Other plotting libararies
# Don't forget to install Seaborn first: pip install seaborn
import seaborn as sns
# The rest of the code remains the same
# ...
# The updated method using Seaborn
def update_plot(self, df, column_name_x, column_name_y, column_name_label):
self.ax.clear()
sns.scatterplot(data=df, x = column_name_x, y = column_name_y, hue=column_name_label, ax=self.ax)
self.x_lim = self.ax.get_xlim()
self.y_lim = self.ax.get_ylim()
self.request_plot_update()
Note the ax parameter that we have passed to Seaborn’s scatterplot() method: If ax is not None, Seaborn uses the given axis to draw into. This is important. Without the ax parameter, Seaborn tries to create a new axis and therefore a new chart.
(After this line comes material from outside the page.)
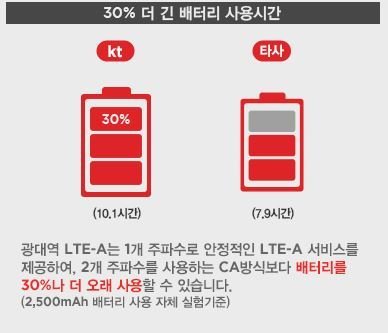 KT광대역은 부대찌개에 라면이나 햄사리를 넣어 전체적인 양이 많아지는 사리추가처럼, 서로 인접한 두 개의 주파수를 붙여서 하나의 넓은 주파수로 사용하는 기술이고, 타 통신사는 마트에서 흔히 보는 1+1처럼, 떨어진 두 개의 주파수를 CA라는 기술로 묶어서 마치 붙어 있는 것처럼 넓게 사용하는 기술입니다. 그러니까 KT가 속도를 안정적으로 빠르게 제공할 수 있는 거죠~ 근데 이런 기술이 배터리 소모에 영향을 준다는 사실 알고 계신가요?
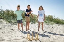 Aruncarea inelelor din frânghie pe țărușii numerotați dezvoltă coordonarea mână–ochi, concentrarea și competiția sănătoasă pentru copii și adulți.

Matplotlib and Seaborn are among the most popular, but certainly far from being the only plotting libraries in the Python world. There exists others like Ploty and Bokeh, that render interactive plots by default. But they output HTML and JavaScript, meaning that a renderer for web content like QWebEngine is needed to embed them into a PySide6 application.